Tuesday, March 5, 2013

Queens no good, and don't even ask about the aces

Had my first losing session of 2013 a little over a week ago. Played my current brand of tight, safe poker but was mostly done in when I ran into some bad luck with pocket queens two different times.

Playing $1/3 NLHE, I first found ladies in the hole from the small blind and raised it up to $20 after three players had limped. Two ended up calling. The flop came 9-8-3♠. I led out for $45, and, after the first player folded, the second guy shoved all-in, ~$90 on top. Not knowing the player at all, I called fairly quickly, thinking he could be doing this with a lot of flush and straight draws along with maybe pocket 10s or pocket jacks (though less likely those last two since he limped preflop). Of course, sets were in play, but (a) I hate folding because the guy "might have a set" and (b) many live low-limit players like to slowplay sets. After I called, he rolled over 8-9 for top two pair, which held. Didn't catch whether they were suited or not. God, I hope so.

A little later, I was again dealt pocket queens sitting early. I opened to $15, and a short-stack sitting on the other side of the table pushed his ~$60 total into the pot. Not really enough money to get me off of it, so I put in the chips and desperately hoped not to see kings or aces. Of course, he had the latter and took down the pot.

I also had aces once during this session, while sitting in the small blind, and sat there in a state of unbelieving awe as the entire table folded around to me -- the first and only time not a single person decided to limp the whole night.

"Chop?" the big blind asked, seeing if I was up for the standard friendly cash-game procedure of the two blinds just pulling their chips back if everyone out in front folds.

"Yeah, sure," I said, but you can be damn sure I flipped my cards face up.

That's the first time that's ever happened to me, by the way. I was once dealt a royal flush in a home game playing a variant where you're given five hole cards. And in 2008 I got a piece of a bad-beat jackpot in Wheeling. But until now I'd never been dealt pocket aces in a blind only to have the entire table fold around. So it's a milestone, I guess, but kind of a shitty one.

3 comments:

Rob said...

Lousy luck there, sorry.

The AA hand is awful. Never happened to me but once in a tournament I was in the BB and had QQ, I was so pissed when everyone folded, including the SB, giving me a walk I very much didn't want. Of course I showed them and got a little sympathy but nothing more.

Fred said...

How much would the pot have to be for a non-chop to be profitable? I had this happen to me once and I never heard of that before so I said no way I'm chopping...I don't think I understand this option completely. Did the BB look at his cards prior to asking to chop? Then I understand a small pot minus the rake isn't worth it, right?

Bob Taylor said...

Right. The gist of it is, if the SB completes and the BB checks, you can't beat the rake unless there's a bet AND a call after the flop. Since it's far more likely that a bet will end the hand, you're better off just pulling your money back.

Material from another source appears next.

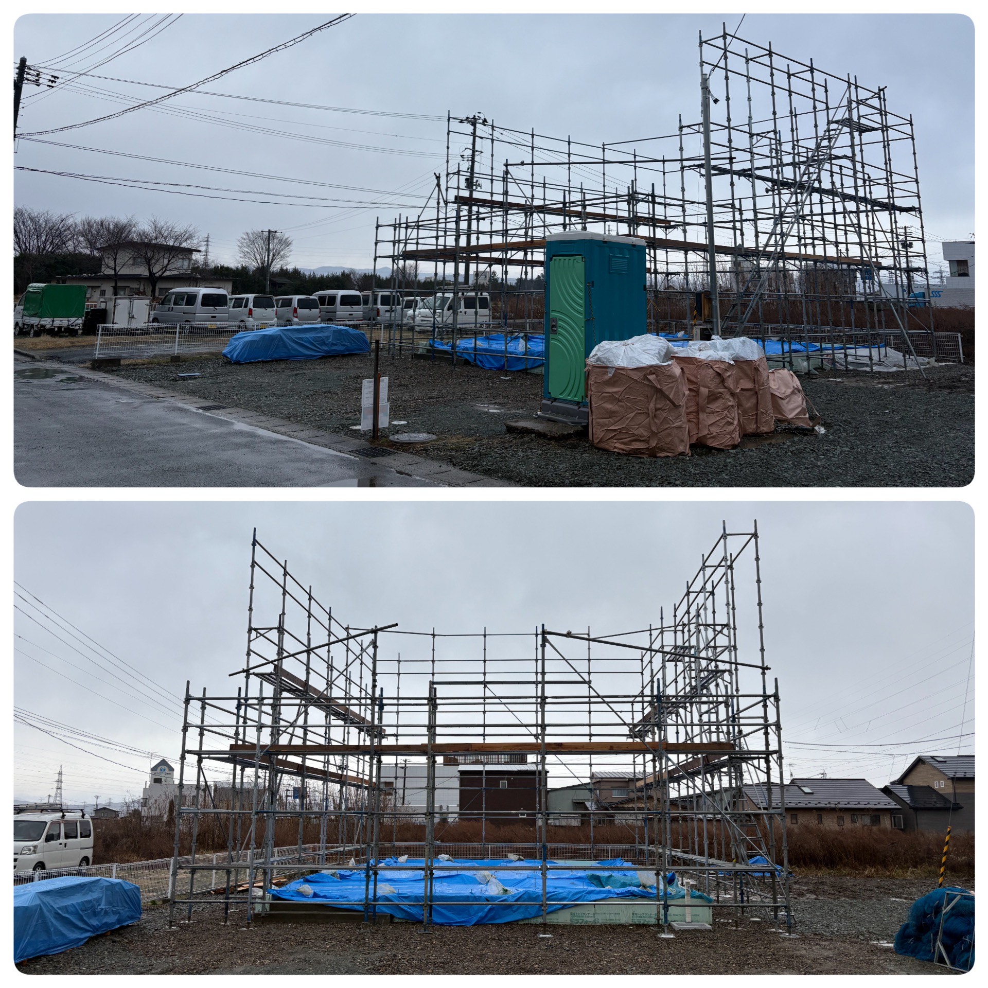 足場設置となりました。建物の大きさが何となく見えてきますね。来週には建て方となります。

It also allows you to play "friendly," meaning -- in the rare event that both blinds somehow flop a monster -- no one's going to go broke with a hand they probably wouldn't have played anyway except for the fact that the table folded around.

In this specific case, I'm not sure if the BB looked at his cards or not, but the blinds agreeing to chop an unopened pot occurs 99 percent of the time in the low-limit local casino games I play in. Pretty much every regular player I know does it, and I've seen others agree to chop and then flash a monster before.